The translationally invariant one- and two-body Hamiltonian reads for an A-nucleon system,
$$
\tag{5}
\hat{H}=\left[\sum_{i=1}^A\frac{\boldsymbol{p}_i^2}{2m} -\frac{\boldsymbol{P}^2}{2mA}\right] +\sum_{i < j}^A V_{ij} \; ,
$$
where \( V_{ij} \) is the nucleon-nucleon interaction.

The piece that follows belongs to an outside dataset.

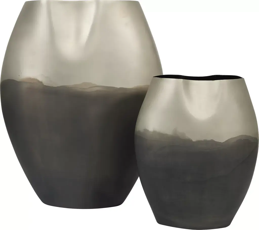 The perfectly imperfect shape of our Hakim vase creates an organic, hand-crafted feel that adds unexpected character to your console table or side table. Crafted of aluminum, this vase features a silver ombre finish that brings a modern touch to your space. This vase is available in two heights including an 11-inch and 16-inch size. Please select your size before adding to cart.

Adding zero as here
$$
\sum_{i=1}^A\frac{1}{2}m\omega^2\boldsymbol{r}_i^2-
\frac{m\omega^2}{2A}\left[\boldsymbol{R}^2+\sum_{i < j}(\boldsymbol{r}_i-\boldsymbol{r}_j)^2\right]=0.
$$
we can then rewrite the Hamiltonian as
$$
\hat{H}=\sum_{i=1}^A \left[ \frac{\boldsymbol{p}_i^2}{2m}
+\frac{1}{2}m\omega^2 \boldsymbol{r}^2_i
\right] + \sum_{i < j}^A \left[ V_{ij}-\frac{m\omega^2}{2A}
(\boldsymbol{r}_i-\boldsymbol{r}_j)^2
\right]-H_{\mathrm{CoM}}.
$$